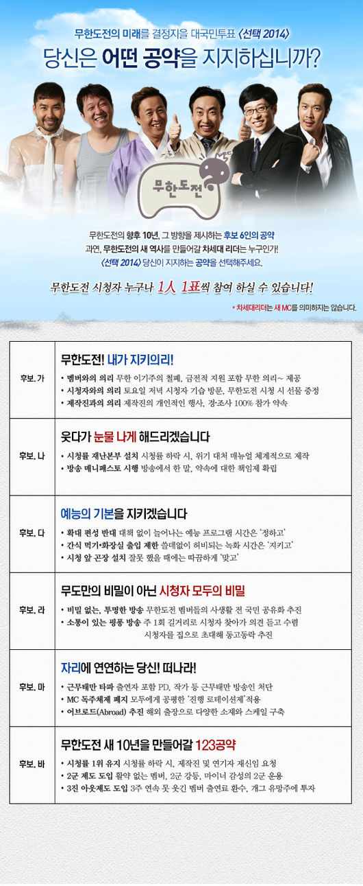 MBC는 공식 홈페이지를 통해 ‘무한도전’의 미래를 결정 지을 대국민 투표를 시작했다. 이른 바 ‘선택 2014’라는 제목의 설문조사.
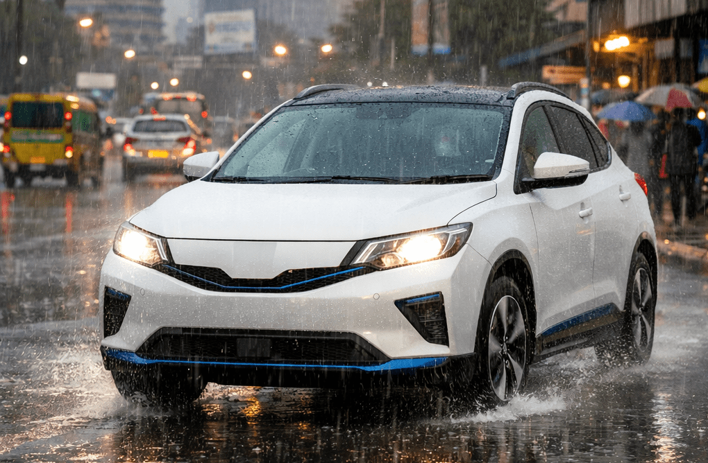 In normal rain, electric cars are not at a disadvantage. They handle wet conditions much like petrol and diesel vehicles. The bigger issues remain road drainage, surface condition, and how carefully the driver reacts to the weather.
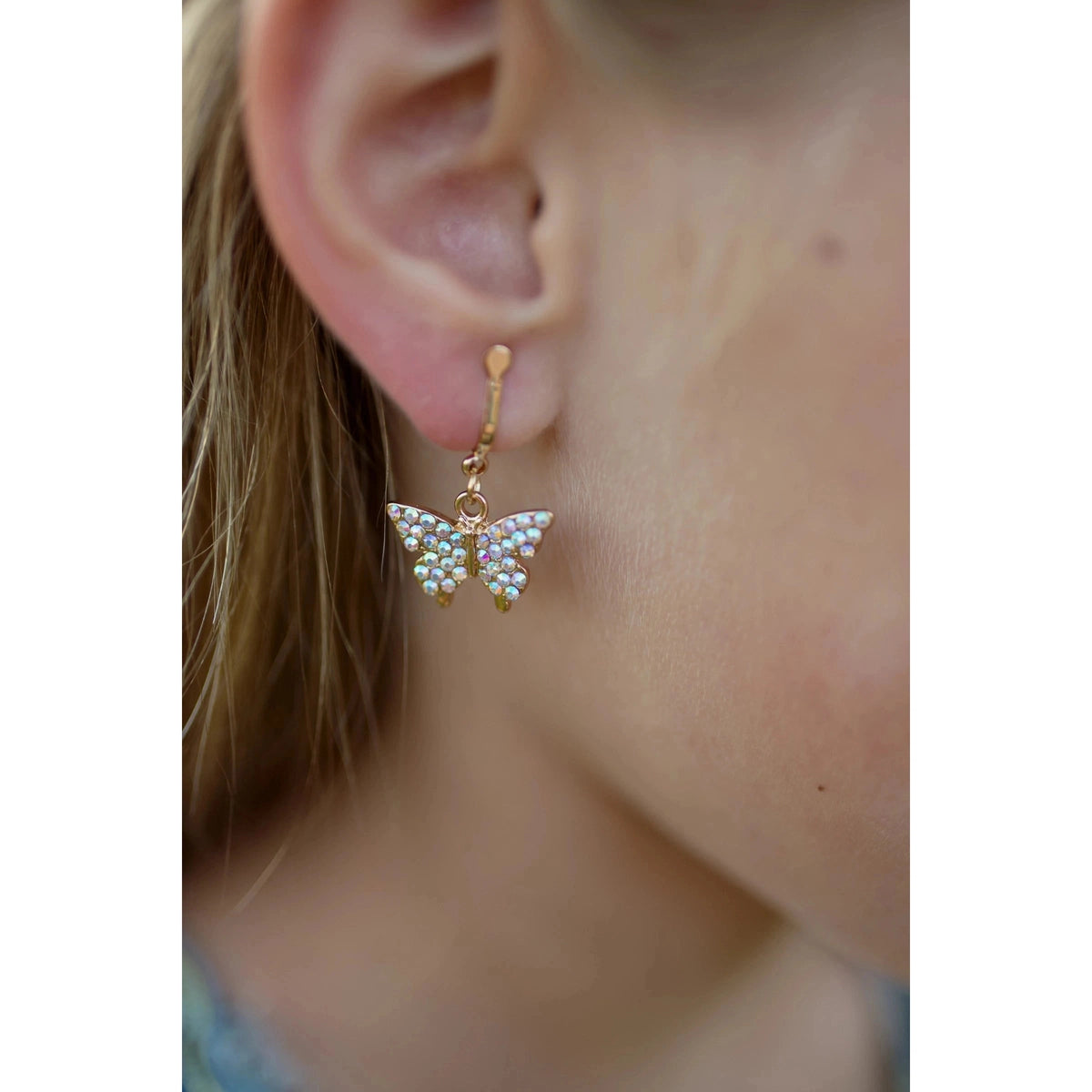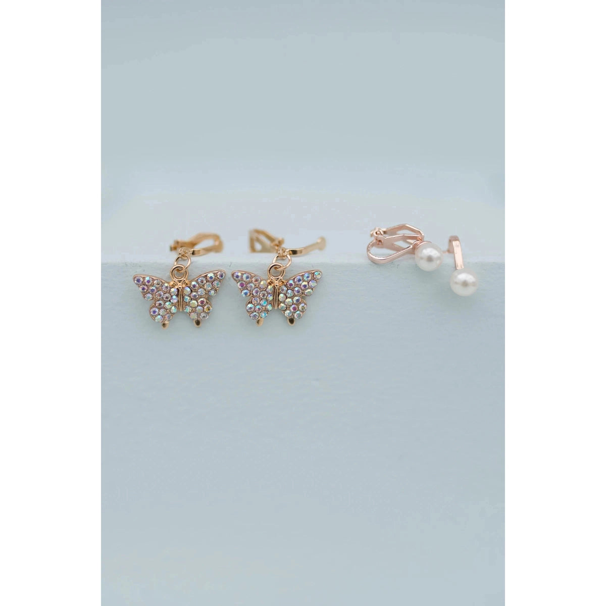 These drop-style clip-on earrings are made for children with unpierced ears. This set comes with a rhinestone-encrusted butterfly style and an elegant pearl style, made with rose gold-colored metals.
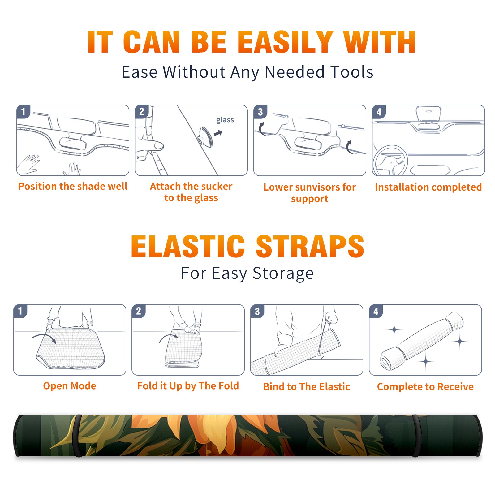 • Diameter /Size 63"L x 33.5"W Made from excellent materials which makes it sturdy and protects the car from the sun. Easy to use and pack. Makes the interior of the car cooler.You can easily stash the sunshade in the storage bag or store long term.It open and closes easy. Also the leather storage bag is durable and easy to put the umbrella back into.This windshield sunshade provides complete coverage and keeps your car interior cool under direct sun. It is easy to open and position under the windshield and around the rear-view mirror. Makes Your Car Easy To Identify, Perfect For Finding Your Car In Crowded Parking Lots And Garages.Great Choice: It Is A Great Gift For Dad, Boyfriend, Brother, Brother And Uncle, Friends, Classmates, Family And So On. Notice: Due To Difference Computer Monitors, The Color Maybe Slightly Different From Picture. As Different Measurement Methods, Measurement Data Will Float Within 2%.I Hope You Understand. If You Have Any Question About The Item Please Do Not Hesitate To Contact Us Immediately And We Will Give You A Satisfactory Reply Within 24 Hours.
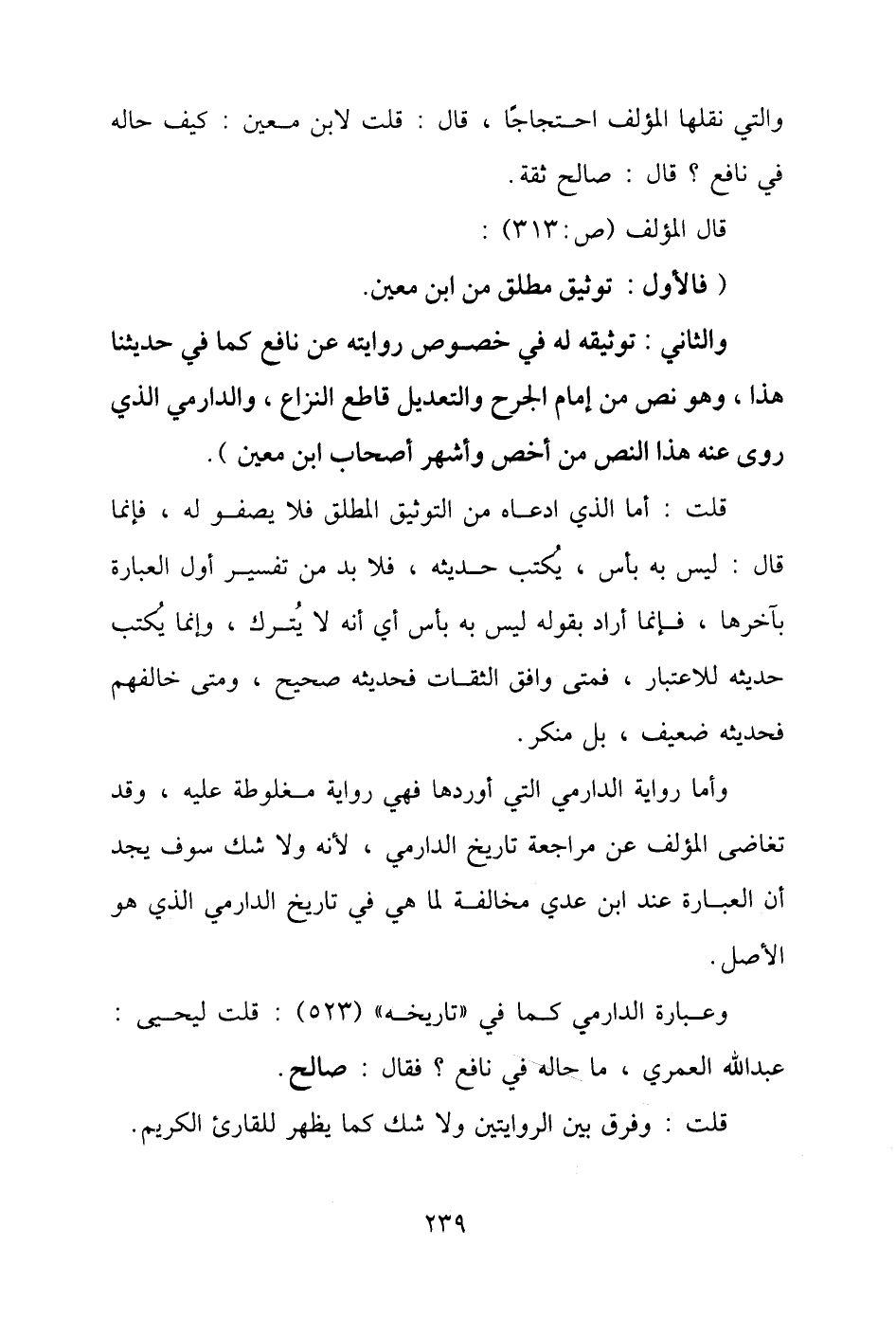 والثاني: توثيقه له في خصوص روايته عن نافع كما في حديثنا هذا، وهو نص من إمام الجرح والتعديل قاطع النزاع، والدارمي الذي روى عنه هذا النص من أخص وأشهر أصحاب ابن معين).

__Your assignment__
I'd like the data above duplicated exactly, with no pictures included.

__Output of the exercise__
 MBC는 공식 홈페이지를 통해 ‘무한도전’의 미래를 결정 지을 대국민 투표를 시작했다. 이른 바 ‘선택 2014’라는 제목의 설문조사.
 In normal rain, electric cars are not at a disadvantage. They handle wet conditions much like petrol and diesel vehicles. The bigger issues remain road drainage, surface condition, and how carefully the driver reacts to the weather.
 These drop-style clip-on earrings are made for children with unpierced ears. This set comes with a rhinestone-encrusted butterfly style and an elegant pearl style, made with rose gold-colored metals.
 • Diameter /Size 63"L x 33.5"W Made from excellent materials which makes it sturdy and protects the car from the sun. Easy to use and pack. Makes the interior of the car cooler.You can easily stash the sunshade in the storage bag or store long term.It open and closes easy. Also the leather storage bag is durable and easy to put the umbrella back into.This windshield sunshade provides complete coverage and keeps your car interior cool under direct sun. It is easy to open and position under the windshield and around the rear-view mirror. Makes Your Car Easy To Identify, Perfect For Finding Your Car In Crowded Parking Lots And Garages.Great Choice: It Is A Great Gift For Dad, Boyfriend, Brother, Brother And Uncle, Friends, Classmates, Family And So On. Notice: Due To Difference Computer Monitors, The Color Maybe Slightly Different From Picture. As Different Measurement Methods, Measurement Data Will Float Within 2%.I Hope You Understand. If You Have Any Question About The Item Please Do Not Hesitate To Contact Us Immediately And We Will Give You A Satisfactory Reply Within 24 Hours.
 والثاني: توثيقه له في خصوص روايته عن نافع كما في حديثنا هذا، وهو نص من إمام الجرح والتعديل قاطع النزاع، والدارمي الذي روى عنه هذا النص من أخص وأشهر أصحاب ابن معين).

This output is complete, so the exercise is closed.